The problem.
Drop every picture, then print the rest of the listing exactly as given.
(Given material)
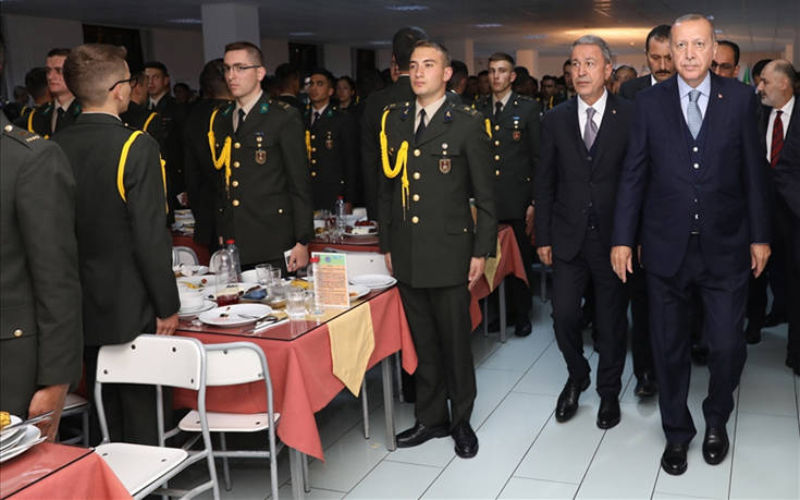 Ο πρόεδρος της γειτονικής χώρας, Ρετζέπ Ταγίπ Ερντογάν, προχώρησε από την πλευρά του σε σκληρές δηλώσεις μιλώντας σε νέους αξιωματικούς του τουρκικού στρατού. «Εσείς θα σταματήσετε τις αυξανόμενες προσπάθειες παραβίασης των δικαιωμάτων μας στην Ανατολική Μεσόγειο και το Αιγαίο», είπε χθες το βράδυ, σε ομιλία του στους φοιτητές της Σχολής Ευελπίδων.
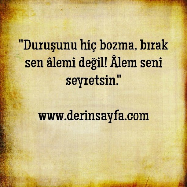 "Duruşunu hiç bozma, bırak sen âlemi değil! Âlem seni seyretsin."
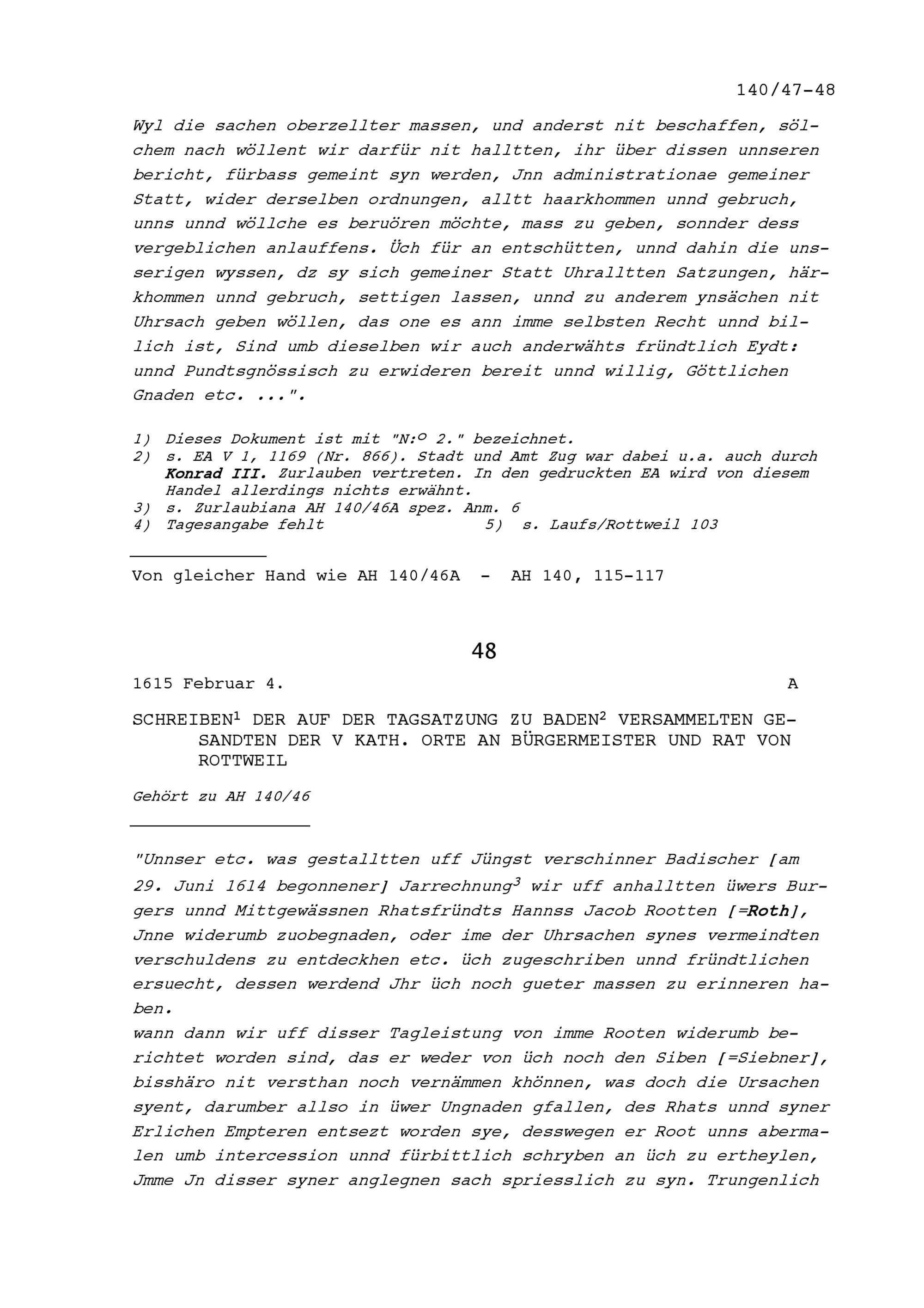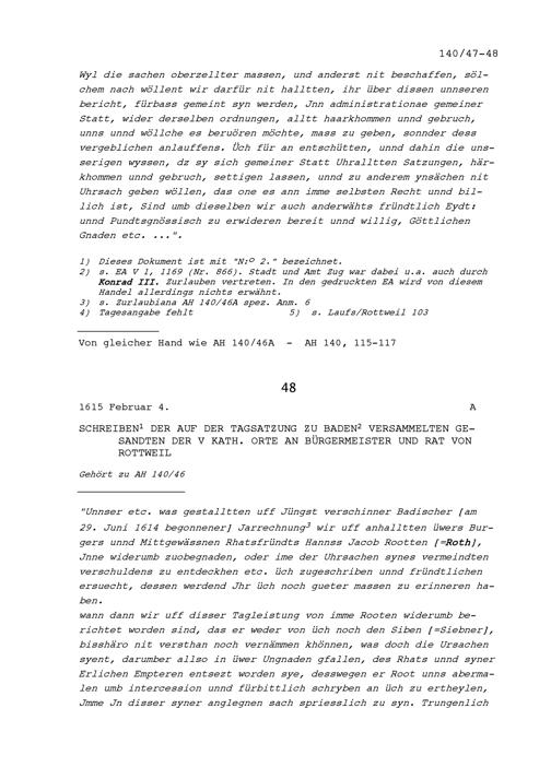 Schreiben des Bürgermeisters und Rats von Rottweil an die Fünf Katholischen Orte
(End Given material)
Answer to this exercise.
 Ο πρόεδρος της γειτονικής χώρας, Ρετζέπ Ταγίπ Ερντογάν, προχώρησε από την πλευρά του σε σκληρές δηλώσεις μιλώντας σε νέους αξιωματικούς του τουρκικού στρατού. «Εσείς θα σταματήσετε τις αυξανόμενες προσπάθειες παραβίασης των δικαιωμάτων μας στην Ανατολική Μεσόγειο και το Αιγαίο», είπε χθες το βράδυ, σε ομιλία του στους φοιτητές της Σχολής Ευελπίδων.
 "Duruşunu hiç bozma, bırak sen âlemi değil! Âlem seni seyretsin."
 Schreiben des Bürgermeisters und Rats von Rottweil an die Fünf Katholischen Orte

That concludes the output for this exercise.